Experimental program
Comparison scheme
Effect test

example 1

[0171] Construction of BCMA CAR

[0172] A CAR containing a mouse anti-BCMA scFv antibody was designed to contain the MND promoter operably linked to the anti-BMCA scFv, the hinge and transmembrane domains from CD8α, and the CD137 co-stimulatory domain, followed by the intracellular signaling of the CD3ζ chain conduction domain. see for example figure 1 . figure 1 The shown anti-BMCA CAR includes a CD8α signal peptide (SP) sequence for surface expression on T cells. The polynucleotide sequence sequence of exemplary anti-BMCA CAR is listed in SEQ ID NO:10; The exemplary polypeptide sequence of anti-BMCA CAR is listed in SEQ ID NO:9; And figure 1 Vector maps of exemplary CAR constructs are shown in . Table 3 shows the identity, Genbank reference, source name and citation of various nucleotide segments of the anti-BMCA CAR lentiviral vector.

[0173] table 3.

[0174]

[0175]

example 2

[0177] Anti-BCMA CAR T cell manufacturing process

[0178] Create a unique anti-BCMA02 CAR T cell product for each patient regimen. The reliability of the manufacturing process of the anti-BCMA02 CAR T cell product was assessed by generating anti-BCMA02 CAR T cells from 11 individual normal donor PBMCs. Anti-BCMA02 CAR T cell expansion from each donor was compared to matched non-transduced cultures performed in parallel ( Figure 2A ).

[0179] At the end of the culture period (day 10), T cell transduction efficiency (vector copy number VCN) was assessed by quantifying the number of integrated lentiviruses using qPCR and a lentivirus-specific primer set. Anti-BCMA02 CAR T cell cultures from 11 donors showed comparable lentiviral transduction efficiencies ( Figure 2B ). The frequency of anti-BCMA02 CAR-positive T cells was measured by flow cytometry, and BCMA expression was found to be comparable in all donors ( Figure 2C ).

[0180] The activity of each anti-BCMA02 CAR...

example 3

[0182] Anti-BCMA02 CAR T cells show therapeutic activity in a human clinical trial for relapsed / refractory multiple myeloma

[0183] introduce

[0184] Chimeric antigen receptor (CAR) T-cell therapy has demonstrated robust and sustained clinical responses observed in several hematological malignancies. Beyond CD19, however, clinical data supporting the promise of CAR T cells remain limited.
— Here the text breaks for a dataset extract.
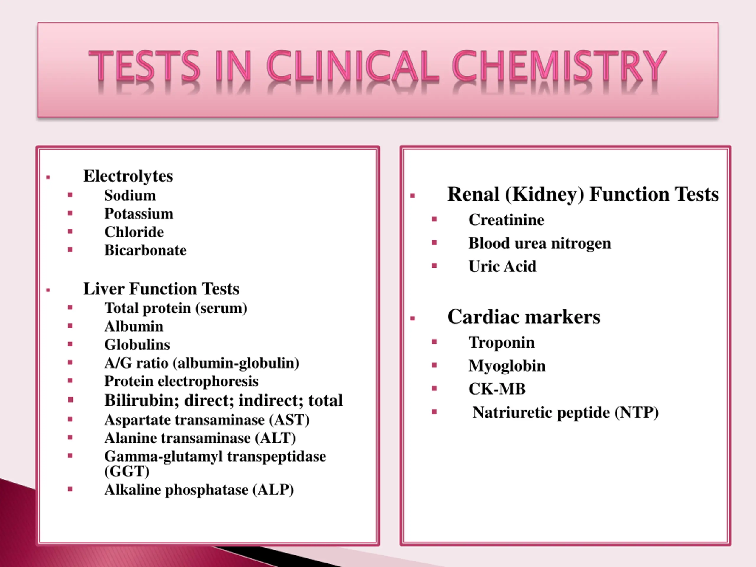 Electrolytes Sodium Potassium Chloride Bicarbonate Renal (Kidney) Function Tests Creatinine Blood urea nitrogen Uric Acid Liver Function Tests Total protein (serum) Albumin Globulins A/G ratio (albumin-globulin) Protein electrophoresis Bilirubin; direct; indirect; total Aspartate transaminase (AST) Alanine transaminase (ALT) Gamma-glutamyl transpeptidase (GGT) Alkaline phosphatase (ALP) Cardiac markers Troponin Myoglobin CK-MB Natriuretic peptide (NTP)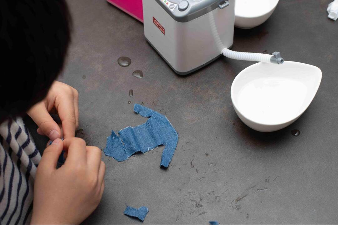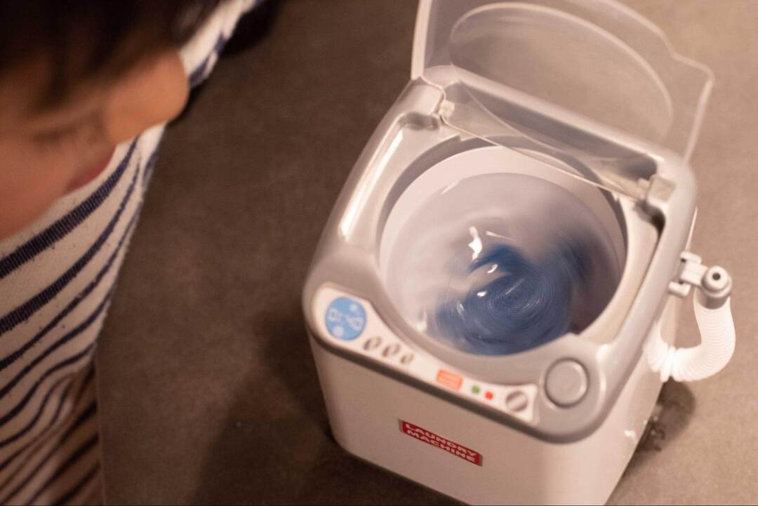 水を張ったミニ洗濯機に洋服をいれて、電源ボタンを押すと…

To test the potential for the safety and efficacy of CAR T cells in relapsed / refractory multiple myeloma (MM), a patient population with limited treatment options. To redirect T cells to MM, we targeted B cell maturation antigen (BCMA), a member of the tumor necrosis factor superfamily expressed almost uniformly only by malignant myeloma cells, plasma cells, and some mature B cells. Preliminary evidence of anti-BCMA activity has recently been demonstrated using T cells transduced with a gamma retroviral vector encoding an anti-BCMA CAR with a CD28 co-stimulatory domain, but patients with ...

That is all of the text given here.